Bad Rabbit Ransomware on the Prowl


The Bad Rabbit ransomware has been described as moderately severe, courtesy CERT-In (Indian Computer Emergency Response Team). The malware proliferated inside Japan, Turkey, Bulgaria and Ukraine. However, a lot of those targeted with it resided in Russia. When infecting a system it poses as a downloader of Adobe Flash, after which it proliferates via the network passing through message blocks on open-servers, planting malicious code via accessing and using victim's credentials.

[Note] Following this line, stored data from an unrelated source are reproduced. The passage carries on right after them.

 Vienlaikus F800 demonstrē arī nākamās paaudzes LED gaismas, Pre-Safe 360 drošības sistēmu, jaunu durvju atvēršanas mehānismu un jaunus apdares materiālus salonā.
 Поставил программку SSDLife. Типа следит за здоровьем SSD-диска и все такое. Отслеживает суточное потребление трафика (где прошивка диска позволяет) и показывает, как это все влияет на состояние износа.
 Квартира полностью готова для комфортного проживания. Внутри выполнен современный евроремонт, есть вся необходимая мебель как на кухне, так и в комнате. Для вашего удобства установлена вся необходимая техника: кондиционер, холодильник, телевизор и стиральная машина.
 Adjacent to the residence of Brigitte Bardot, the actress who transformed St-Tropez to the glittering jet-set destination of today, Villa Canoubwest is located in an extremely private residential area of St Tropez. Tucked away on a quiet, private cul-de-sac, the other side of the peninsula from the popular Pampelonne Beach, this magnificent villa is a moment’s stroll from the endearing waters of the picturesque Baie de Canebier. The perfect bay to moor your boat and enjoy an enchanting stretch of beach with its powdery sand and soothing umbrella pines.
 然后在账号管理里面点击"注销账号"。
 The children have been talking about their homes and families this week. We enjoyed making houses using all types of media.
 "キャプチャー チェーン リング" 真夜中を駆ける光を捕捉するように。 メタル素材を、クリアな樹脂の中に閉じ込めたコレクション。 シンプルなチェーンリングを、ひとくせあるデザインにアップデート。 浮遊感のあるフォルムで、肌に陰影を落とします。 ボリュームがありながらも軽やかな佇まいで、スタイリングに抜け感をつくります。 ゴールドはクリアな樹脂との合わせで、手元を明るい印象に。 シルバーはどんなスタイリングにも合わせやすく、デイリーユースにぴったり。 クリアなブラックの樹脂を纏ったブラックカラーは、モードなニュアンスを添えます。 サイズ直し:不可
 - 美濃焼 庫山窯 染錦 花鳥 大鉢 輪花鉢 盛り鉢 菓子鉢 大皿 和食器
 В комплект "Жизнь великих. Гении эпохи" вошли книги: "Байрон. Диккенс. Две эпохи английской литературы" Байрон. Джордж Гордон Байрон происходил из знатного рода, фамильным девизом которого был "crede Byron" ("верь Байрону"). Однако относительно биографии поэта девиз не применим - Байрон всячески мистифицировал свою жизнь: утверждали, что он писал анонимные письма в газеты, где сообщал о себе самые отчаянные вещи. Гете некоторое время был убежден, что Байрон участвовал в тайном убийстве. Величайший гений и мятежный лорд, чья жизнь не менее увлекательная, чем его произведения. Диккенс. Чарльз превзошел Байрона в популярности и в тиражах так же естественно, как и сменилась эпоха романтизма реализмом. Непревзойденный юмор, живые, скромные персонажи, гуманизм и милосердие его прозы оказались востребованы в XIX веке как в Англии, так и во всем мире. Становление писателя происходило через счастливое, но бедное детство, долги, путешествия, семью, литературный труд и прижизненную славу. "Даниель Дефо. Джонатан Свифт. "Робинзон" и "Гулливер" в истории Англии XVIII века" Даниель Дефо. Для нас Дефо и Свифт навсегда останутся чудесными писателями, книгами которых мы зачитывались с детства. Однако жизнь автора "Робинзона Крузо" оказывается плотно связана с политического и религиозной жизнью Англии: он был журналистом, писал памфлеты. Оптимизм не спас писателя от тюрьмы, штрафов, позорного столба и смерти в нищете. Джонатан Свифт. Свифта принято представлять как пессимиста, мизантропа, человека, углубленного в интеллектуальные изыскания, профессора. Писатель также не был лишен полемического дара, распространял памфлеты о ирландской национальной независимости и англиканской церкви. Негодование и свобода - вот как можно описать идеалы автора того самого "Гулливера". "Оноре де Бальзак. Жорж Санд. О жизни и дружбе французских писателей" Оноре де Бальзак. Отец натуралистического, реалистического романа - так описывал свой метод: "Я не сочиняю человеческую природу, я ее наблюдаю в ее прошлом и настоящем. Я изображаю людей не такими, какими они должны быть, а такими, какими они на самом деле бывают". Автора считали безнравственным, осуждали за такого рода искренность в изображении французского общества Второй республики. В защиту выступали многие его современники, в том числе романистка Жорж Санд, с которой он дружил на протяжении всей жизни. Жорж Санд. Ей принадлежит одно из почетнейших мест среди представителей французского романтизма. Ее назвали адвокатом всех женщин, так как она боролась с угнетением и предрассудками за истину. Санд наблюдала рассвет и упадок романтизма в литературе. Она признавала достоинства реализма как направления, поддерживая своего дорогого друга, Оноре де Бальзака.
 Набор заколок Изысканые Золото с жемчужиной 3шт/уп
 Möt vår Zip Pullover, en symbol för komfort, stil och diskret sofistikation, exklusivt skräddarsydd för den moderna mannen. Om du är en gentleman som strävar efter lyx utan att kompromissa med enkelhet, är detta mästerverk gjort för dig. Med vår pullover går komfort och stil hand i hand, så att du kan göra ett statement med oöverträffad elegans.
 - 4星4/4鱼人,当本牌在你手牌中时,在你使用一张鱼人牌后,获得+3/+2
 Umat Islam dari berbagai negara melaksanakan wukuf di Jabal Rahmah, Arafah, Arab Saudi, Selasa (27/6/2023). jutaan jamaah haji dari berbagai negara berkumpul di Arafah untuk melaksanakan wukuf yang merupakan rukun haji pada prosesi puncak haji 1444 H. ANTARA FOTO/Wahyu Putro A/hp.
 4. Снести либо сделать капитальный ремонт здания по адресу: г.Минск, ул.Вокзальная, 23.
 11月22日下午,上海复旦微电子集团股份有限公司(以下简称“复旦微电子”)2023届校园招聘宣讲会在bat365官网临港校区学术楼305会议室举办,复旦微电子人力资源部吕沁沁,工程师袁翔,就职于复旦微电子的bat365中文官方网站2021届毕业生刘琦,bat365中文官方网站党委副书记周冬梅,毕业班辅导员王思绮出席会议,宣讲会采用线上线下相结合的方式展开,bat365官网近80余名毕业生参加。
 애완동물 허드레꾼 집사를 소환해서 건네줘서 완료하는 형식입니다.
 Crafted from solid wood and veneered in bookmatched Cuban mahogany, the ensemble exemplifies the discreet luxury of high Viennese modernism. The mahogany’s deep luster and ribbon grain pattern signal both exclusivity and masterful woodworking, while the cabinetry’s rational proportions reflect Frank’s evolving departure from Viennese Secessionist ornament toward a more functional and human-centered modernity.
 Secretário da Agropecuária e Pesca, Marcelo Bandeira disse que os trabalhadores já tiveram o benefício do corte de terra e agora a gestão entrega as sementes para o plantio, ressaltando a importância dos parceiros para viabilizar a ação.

Users targeted with Bad Rabbit may be lucky by being able to retrieve data folders that the ransomware locks owing to errors by the malware's creator. Such flaws got disclosed on October 27 within an update of the Bad Rabbit report by the anti-virus agency Kaspersky Labs of Russia. The company's researchers state they managed in finding 2 errors within the modus-operandi of Bad Rabbit. Bleepingcomputer.com posted this, October 27, 2017.

 

In the opinion of Kaspersky Labs, the latest ransomware has been derived from Petya since its codes resemble those of Petya. While another ransomware Locky utilizes a spam mail for spreading its infection across computers, the modus-operandi of Bad Rabbit's infection is different. This one relies on insecure websites for installing certain harmful PHP code onto the site's pages. People accessing the particular pages are directed for planting flash players that in reality conceal one resource for malware on the Web. When planted the malware attempts at acquiring elevated administrative rights followed with adding a module for disc encryption that stops the infected computer from running a customary booting. Thus when owners start up a contaminated system, they get diverted onto one modified bootloader.

 

While the malware infecting computers in Russia accounted for 65% of the machines, outside Russia it infected just 2.4%. Bad Rabbit contaminated devices via several compromised media sites of Russia, when a message would pop up asking victims to pay money to get back access of their files.

 

For keeping oneself protected, the fundamentals are running anti-virus software, giving second thoughts to unanticipated e-mail attachments, maintaining operating systems and application software up-to-date, and maintaining regular back-up of files. Notably, the NoMoreRansom.org website provides tools for decrypting files encrypted with ransomware.